За принятие в дар земных цветов Ир послал ей два жестоких наказания; от второго она оправилась лишь через несколько дней — к тому времени дивный цветок увял и засох. Теперь Фуриайя вручала ей следующий подарок: крошечную частицу себя. По деликатности эта памятка не могла сравниться с краткой передышкой от испытующих вопросов или от невысказанного требования «соберись»; Фуриайя подразумевала: «Доверяю тебе одно из моих воспоминаний, как ты доверяешь мне свои». От этого она, даром что не вышла из детства, вторично почувствовала, что ее признали равной.
— Интересная была поездка? — спросила Дебора.
— Не то чтобы очень интересная, но я «проветрилась», как говорит нынешняя молодежь. Я почувствовала, что выросла, да к тому же мне выпала честь поехать туда с отцом, окунуться вместе с ним во взрослый мир. — Ее лицо озарилось светом того давнего счастья. — Ну что ж! — Финальным жестом она положила руки на колени. — Обратно на каторгу, да?
— Да, — кивнула Дебора и приготовилась закрыться в себе.
— Нет, постой. Еще кое-что. Хочу предупредить заранее, чтобы ты свыклась с этой мыслью. В начале лета я приглашена в Цюрих, на конференцию. Затем у меня начнется отпуск, а дальше нужно будет поучаствовать в симпозиуме, чтобы завершить одну научную работу, которую более откладывать невозможно.
— Это надолго?
— Уезжаю двадцать шестого июня, возвращаюсь восемнадцатого сентября. Я договорилась, чтобы на время моего отсутствия для бесед с тобой была организована замена.
В ходе следующих сеансов Фуриайя рассказала о профессионализме своего коллеги, о возможных обидах в связи с кажущимся отторжением, о том, что этот новый врач не станет копать слишком глубоко, но, по крайней мере, станет представлять земной мир в борьбе Деборы против ее цензоров, синклитов и прочих сил Ира. Все это прозвучало бойко и уверенно, однако Дебора узрела здесь свершившийся факт, смазку для извечной дыбы, на которой ломаются хребты.
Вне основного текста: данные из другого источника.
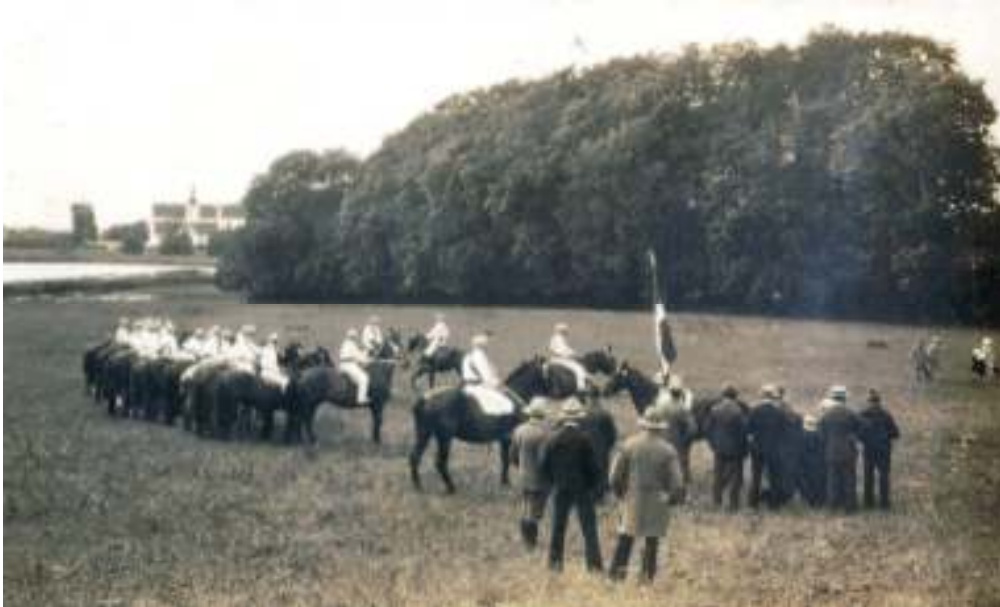
Ringridning i Nr. Søby ca. 1924. Søbysøgårds spir ses i baggrunden.

en stor forsamling flokkede sig deromkring som tilskuere. Ringriderne var gerne iført hvide benklæder, og både karl og hest var smykkede med blomster. Karlene stak efter ringen med lange lanser og drengene med korte pinde. Hver gang ringen blev taget, spillede musikanten et stykke på trompeten. Den der først tog ringen tre gange, kaldtes konge og tog den første gevinst. Den der havde taget ringen to gange, fik anden gevinst og var prins. Stodderkonge blev den, der slet ikke havde fået ringen. Kongen red nu lidt til siden og blev pyntet af pigerne. Derefter red det hele tog parvis med kongen i spidsen og de øvrige efter rang omkring i byen til præsten og gårdmændene, hvor de fik gaver til deres gilde og blev beværtede med æbleskiver og brændevin. Gildet stod i en af gårdene. Spise og drikke var tvebakker, risvælling og æggecake med øl og brændevin. Kongens dame var dronning, og dansen gik til den lyse morgen. Det er denne gamle, folkelige skik, der har udviklet sig til de store ringriderstævner i Sønderborg og andre steder, og som nu efterlignes af unge raske karle landet over.”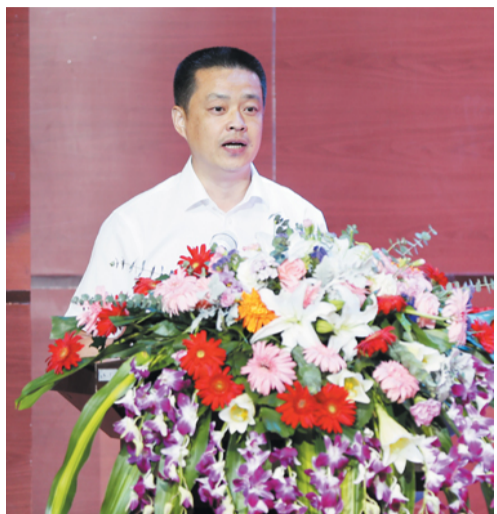
外的武汉。风雨同舟,戮力同心。辽源医疗队分驻武汉的华中科技大学附属同济医院中法新城

院区和武汉雷神山两家医院,在最危险的防疫阵地上昼夜拼搏。50多天里,他们以异乡为故乡、视病人为亲人,用尽全力救治每一位患者。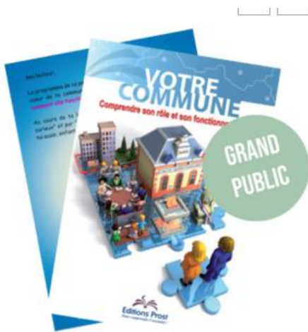
Votre commune – Comprendre son rôle et son fonctionnement

Monsieur le Maire expose le petit livre connu par les éditions Prost qui explique en détail le fonctionnement et le rôle d'une commune.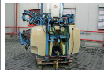
2290111 Tecnomas 1000 Liter 15mtr Fassvolumen: 1000 l, Arbeitsbreite: 15 mtr, elektr. Armatur, 4 Teilbreiten, Spritzen TÜV, Beleuchtung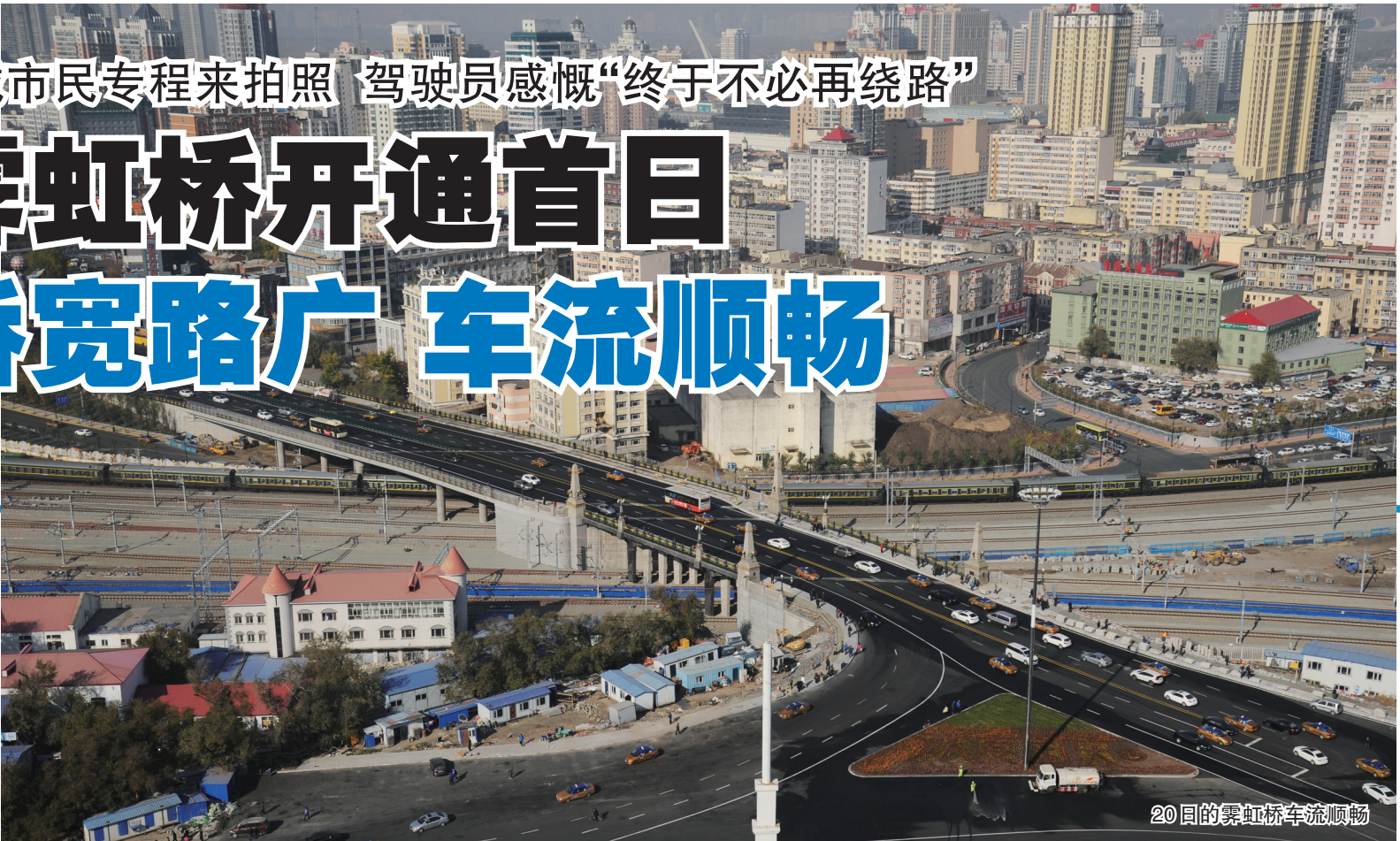
20日的霁虹桥车流顺畅

生活报20日讯(实习生王庆 记者 栾德谦 记者 李巍 摄)今天是霁虹桥恢复通车首日,多条公交线路恢复该路段通行,很多出租车驾驶员、私家车主又重新体验到了行驶在霁虹桥上的便捷。与此同时,霁虹桥通车也引来很多冰城市民及媒体的关注,大家纷纷前来见证这一重要时刻。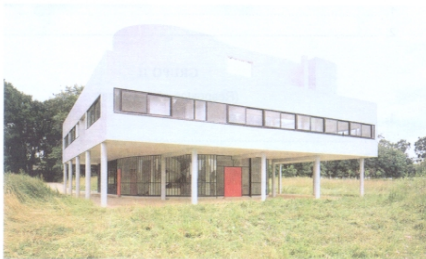
Fig. 4 – Le Corbusier e Pierre Jeanneret, Casa Savoy em Poissy (1929-1931)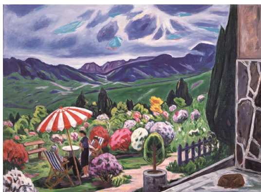
後藤真吉 《城島風景》 制作年不詳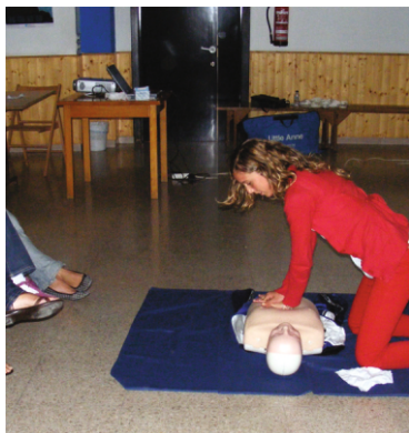
FORMACIÓN y reciclaje continuos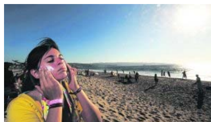
El uso de cremas fotoprotectoras es la mejor forma de prevenir la aparición de manchas y de mantener a raya las que ya existen.

Los cuidados deben mantenerse durante el invierno para evitar que las lesiones reaparezcan o se agraven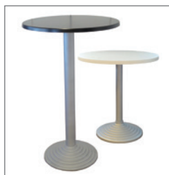
Tisch 70 Pos.-Nr. 61-276 EUR 53,00 Stehtisch 110 Pos.-Nr. 61-278 EUR 59,00 Platte: weiß (01) Platte: schwarz (02) Platte: Buche Dekor (16) Maße: H: 70 cm + 110 cm ø Platte: 70 cm Gestell: silber

— Мне тут многие врачи знакомы, — задумчиво произнесла Дебора. — Крейг, например, затем Адамс — у нее Сильвия лечится. Эту я видела в деле, она мне понравилась. Однажды я разговорилась с Фьорентини, когда его среди ночи вызвали, но самый лучший все-таки Халле. Он рассказывает, что виделся с моими родителями, когда меня сюда оформляли. С ним я тоже поговорила, ему можно доверять…
— Они работают с полной нагрузкой, — перебила Фуриайя. — Тобой займется доктор Ройсон.
Механизм был смазан, дыба стояла наготове. Согласие Деборы было пустой формальностью.
— Мой третий рельс, — сказала она.
— Что это значит?
— Вольный перевод одного ирского слова: «Повинуюсь».